The survey asked if dental practices were aware of the requirements from the Occupational Safety and Health Administration (OSHA) for an ECP, if they had a written ECP addressing all requisite elements, and if they could identify barriers to ECP implementation. It reached 1,059 respondents representing private, non-franchised dental practices across the United States, primarily including owner-dentists (63%), non-owner dentists, hygienists, and other staff. 

The OSHA blood-borne pathogen standard covers all dental healthcare settings where personnel could be exposed to blood or certain body fluids and describes precautionary practices to protect workers from pathogens such as the hepatitis B and C viruses and HIV. These pathogens can be transmitted from patient to provider or patient to patient via contact with blood or certain body fluids.

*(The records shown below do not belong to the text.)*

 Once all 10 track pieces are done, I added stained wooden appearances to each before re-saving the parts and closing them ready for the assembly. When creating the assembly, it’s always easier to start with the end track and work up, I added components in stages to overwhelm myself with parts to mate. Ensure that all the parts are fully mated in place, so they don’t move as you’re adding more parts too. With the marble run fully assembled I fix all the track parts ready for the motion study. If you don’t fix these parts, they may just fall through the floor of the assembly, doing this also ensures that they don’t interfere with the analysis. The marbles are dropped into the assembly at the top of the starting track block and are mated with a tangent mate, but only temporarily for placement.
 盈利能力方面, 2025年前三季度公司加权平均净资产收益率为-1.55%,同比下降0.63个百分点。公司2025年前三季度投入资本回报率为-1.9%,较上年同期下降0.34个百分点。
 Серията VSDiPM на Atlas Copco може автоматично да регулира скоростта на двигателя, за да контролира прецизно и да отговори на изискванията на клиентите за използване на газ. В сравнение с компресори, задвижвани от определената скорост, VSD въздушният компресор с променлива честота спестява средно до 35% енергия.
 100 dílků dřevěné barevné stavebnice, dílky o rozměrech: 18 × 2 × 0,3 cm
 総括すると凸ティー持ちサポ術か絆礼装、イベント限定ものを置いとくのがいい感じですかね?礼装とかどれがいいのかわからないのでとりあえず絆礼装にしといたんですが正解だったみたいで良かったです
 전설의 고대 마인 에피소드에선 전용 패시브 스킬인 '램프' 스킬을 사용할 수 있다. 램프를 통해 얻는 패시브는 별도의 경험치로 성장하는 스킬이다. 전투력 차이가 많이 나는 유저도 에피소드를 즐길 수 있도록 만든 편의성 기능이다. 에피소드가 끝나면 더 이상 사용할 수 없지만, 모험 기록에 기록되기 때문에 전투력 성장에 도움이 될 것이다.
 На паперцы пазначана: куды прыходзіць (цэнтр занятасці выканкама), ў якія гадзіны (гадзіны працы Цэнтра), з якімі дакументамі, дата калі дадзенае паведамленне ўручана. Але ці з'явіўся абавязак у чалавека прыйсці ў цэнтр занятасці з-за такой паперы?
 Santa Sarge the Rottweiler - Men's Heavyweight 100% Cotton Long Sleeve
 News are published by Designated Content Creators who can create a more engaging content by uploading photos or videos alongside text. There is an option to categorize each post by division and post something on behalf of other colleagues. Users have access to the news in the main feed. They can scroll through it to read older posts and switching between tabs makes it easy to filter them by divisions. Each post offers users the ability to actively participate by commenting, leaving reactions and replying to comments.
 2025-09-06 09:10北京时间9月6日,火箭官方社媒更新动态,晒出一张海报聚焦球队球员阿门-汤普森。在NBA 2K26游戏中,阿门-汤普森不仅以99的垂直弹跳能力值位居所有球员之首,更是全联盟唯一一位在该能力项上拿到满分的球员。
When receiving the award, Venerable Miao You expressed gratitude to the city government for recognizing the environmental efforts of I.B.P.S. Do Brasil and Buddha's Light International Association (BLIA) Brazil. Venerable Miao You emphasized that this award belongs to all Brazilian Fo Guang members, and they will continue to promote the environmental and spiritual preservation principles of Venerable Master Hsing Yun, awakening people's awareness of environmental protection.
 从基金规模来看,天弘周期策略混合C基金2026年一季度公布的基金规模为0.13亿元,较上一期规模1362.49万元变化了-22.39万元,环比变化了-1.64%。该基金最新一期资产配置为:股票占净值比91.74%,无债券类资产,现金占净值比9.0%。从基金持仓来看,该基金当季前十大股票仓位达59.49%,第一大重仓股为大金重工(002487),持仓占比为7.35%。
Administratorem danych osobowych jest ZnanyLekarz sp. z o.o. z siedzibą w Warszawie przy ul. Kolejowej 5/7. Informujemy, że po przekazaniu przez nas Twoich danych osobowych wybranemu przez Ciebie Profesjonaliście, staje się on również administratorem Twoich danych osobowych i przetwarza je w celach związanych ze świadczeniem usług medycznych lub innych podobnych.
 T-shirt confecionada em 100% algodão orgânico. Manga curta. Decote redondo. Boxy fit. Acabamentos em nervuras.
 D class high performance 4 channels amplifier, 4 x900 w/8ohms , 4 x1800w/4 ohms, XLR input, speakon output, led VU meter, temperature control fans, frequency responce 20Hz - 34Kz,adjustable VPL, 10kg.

“Having an effective exposure control plan that everyone in the dental office is aware of will better protect dental healthcare personnel and their patients from exposure to blood-borne pathogens,” said NIOSH director John Howard, MD. “Identifying any barriers to the implementation of an exposure control plan is a critically important step to making the exposure control plan as effective as it can be.”

According to the survey, participating private dental practices were either unaware of the requirement to have an ECP or did not adhere to all of its key elements if they had one. Also, the survey found that: 

  • 28% did not have a written site-specific ECP, including 4% who didn’t know whether or not they had one;
  • 50% without an ECP had no plans to implement one in the next 12 months;
  • 20% with a plan had not implement all of the elements, primarily because they were “not aware it was needed” (50%), “lack of expertise” (47%), and “lack of time” (36%); 
  • 24% with a plan had not reviewed it within the past year;
  • 65% did not use needles with sharps injury prevention features;
  • 15% did not offer a hepatitis B vaccine to their employees, and another 8% did not know if they did or not.

While the survey indicates that dental practices are either unaware of or don’t fully comply with the standard, its relatively low response rate precludes generalization of its findings to all dental practices, the researchers report. Still, they add, dental practices should evaluate if they have a complete and appropriate ECP, and they should develop one if they don’t. Also, they note, training of personnel is essential to avoid complacency and ensure compliance.